February 9th…years ago, I woke up. A moment of simple pure clarity. No longer would I meander through life, but instead, I would improve upon something every day and see where I ended up. It is crazy for me to think that only a couple of years have yielded results so drastically different from anything that I ever believed possible. Today, I want to tell you a story…well about that concept exactly…your story.
About a year and a half ago, I stood up in front of 120 people and I read aloud, no details omitted, the story of my life. I remember walking up to the mic, hand was trembling slightly, took a deep breath and let it all out. Things that had happened to me, things that I was holding onto, stuff from years and years and years ago came out. I stood up there, in front of all those people, eyes that I didn’t know, and spilled my guts. I had this funny sensation, one that I would only figure out till later, that it wasn’t the people I was afraid of…but it was standing up there and telling this story that I thought had so much power. Like it defined me in some way. I thought that because of the past…that makes you who you are today.

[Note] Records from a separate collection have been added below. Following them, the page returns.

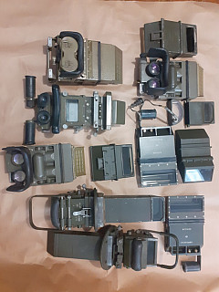 Periskopy, brýle pro noční vidění, vyhřívané brýle. Cena za vše z fotografie.
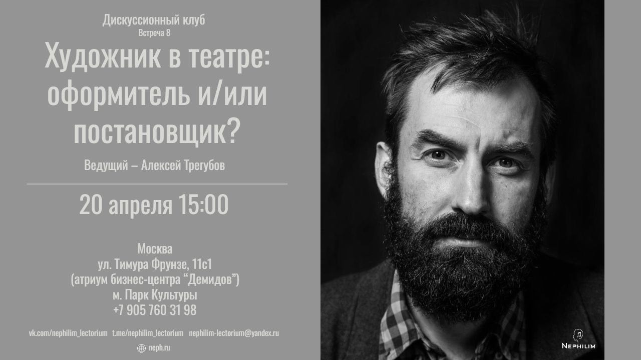 20 апреля 2024 состоится шестое заседание Дискуссионного клуба в рамках образовательного проекта “Нефилим”. В этот раз в качестве ведущего выступит театральный художник Алексей Трегубов.
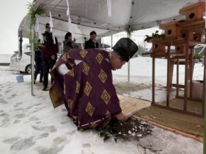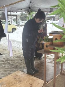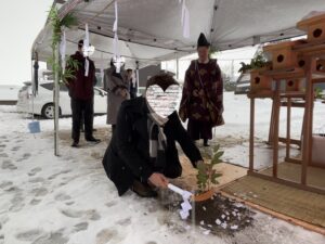 最後に神主さんが鎮め物を埋めていきます。
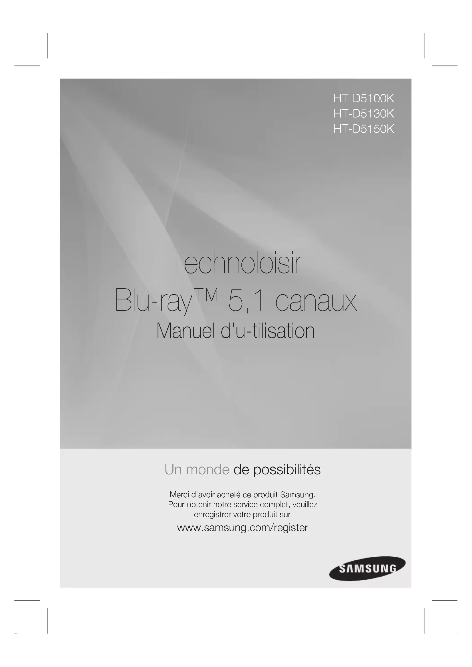 Technoloisir Blu-ray™ 5,1 canaux Manuel d'u-tilisation Un monde de possibilités Merci d'avoir acheté ce produit Samsung. Pour obtenir notre service complet, veuillez enregistrer votre produit sur www.samsung.com/register HT-D5100K HT-D5130K HT-D5150K2 French French 3 Consignes de sécurité Avertissements de sécurité POUR RÉDUIRE LES RISQUES D’ÉLECTROCUTION, NE RETIREZ JAMAIS LE CAPOT (NI L’ARRIÈRE). LES PIÈCES DECE PRODUIT NE SONT PAS RÉPARABLES PAR L’UTILISATEUR. VEUILLEZ CONTACTER UN TECHNICIEN QUALIFIÉ POUR TOUTE RÉPARATION. ATTENTION : RISQUE D’ÉLECTROCUTIONNE PAS OUVRIRLe symbole représentant un éclair terminé par une èche dans un triangle est un symbole d’avertissement indiquant la présence d’une tension dangereuse à l’intérieur du produit.ATTENTION : AFIN DE LIMITER LES RISQUES D'ÉLECTROCUTION, NE RETIREZ JAMAIS LE COUVERCLE (OU LE CACHE ARRIÈRE). CONFIEZ L’ENTRETIEN DE CET APPAREIL À UNE PERSONNE QUALIFIÉE.Le symbole représentant un point d’exclamation dans un triangle est un symbole d’avertissement indiquant des instructions importantes concernant le produit.AVERTISSEMENT An de réduire tout risque d’incendie ou d’électrocution, n’exposez jamais cet appareil à la pluie ou à l’humidité. ATTENTIONÉvitez toute projection d’eau sur l’appareil et ne posez jamais d’objet contenant un liquide dessus (ex : un vase).La che permet de débrancher l’appareil et doit toujours être facilement accessible.
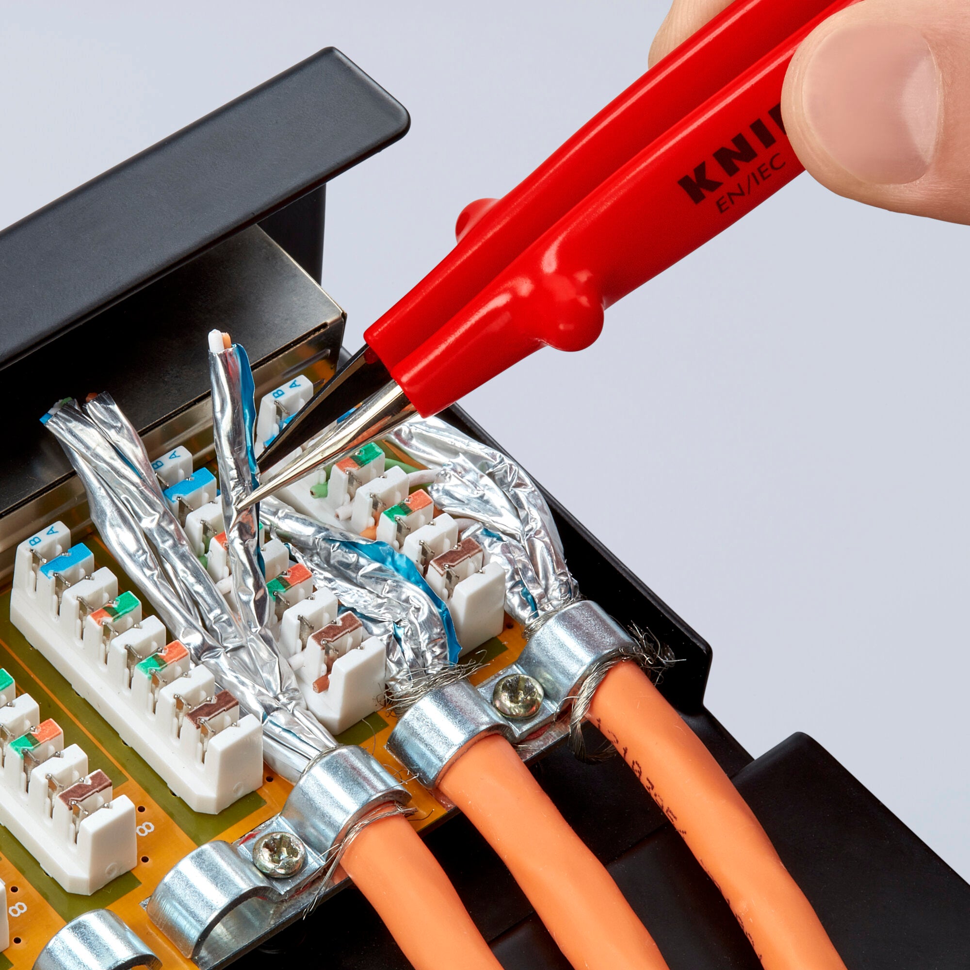 Knipex 92 27 61 5 1/4" Stainless Steel Gripping Tweezers-Pointed Tips-1000V Insulated

Well, I think a lot of people think like this. For multiple reasons really. Everything that I have said and done up until this point has made you into who you are. However…and this is a big however, you can turn it all around in a heartbeat. Yes, the people around you will not be so quick to change, but if you deep inside really want it, it is there for the taking. There are going to be massive speed bumps I promise you. But the world is there for you to make whatever you want out of it. You can change the way you show up for other people, you can change your daily life…I mean, change sounds small in comparison to transformation…yeah, I think it’s more like that.
If you get out of your own way…if you refuse to let your past define you and stop trying to live in tomorrowland…the amount of possibility that surrounds you is incredible. You have the ability to really go after what you want. The problem is, that many of us think that we can time travel. Yep. Time travel. Sounds ridiculous but it is so true. Those who harp on things that happened in the past love to either complain or they wish things were different. Well, hate to say it, but you can’t go back. Why even bother thinking about it if you can’t go back. Learn from it yes, but harp on it…yikes. By the way, I used to love complaining about things. I mean, it could have been one of my favorite things. But it takes a lot more guts to confront your current reality and accept your condition. Then you can go to work on making a happy life. But you have to take out the trash first. Ditch the garbage. Stop letting your past be baggage.
You can’t travel to the future either. Why would you even want to? My friend today told me that there is this statement in Buddhism that if you ever see Buddha, kill him, because he will share with you the secret to enlightenment. Then your whole life is ruined. But we can also get stuck in a constant cycle of putting things off till tomorrow. Horrible idea. Then you never get anything done. When I am feeling my worst, it is because I am delaying what I really want to do in my life. When I am busy and kicking butt, I am at my happiest. That is because I am living my life as if this day was the only one that mattered.
Ditch the past. Pass on the future. Embrace today.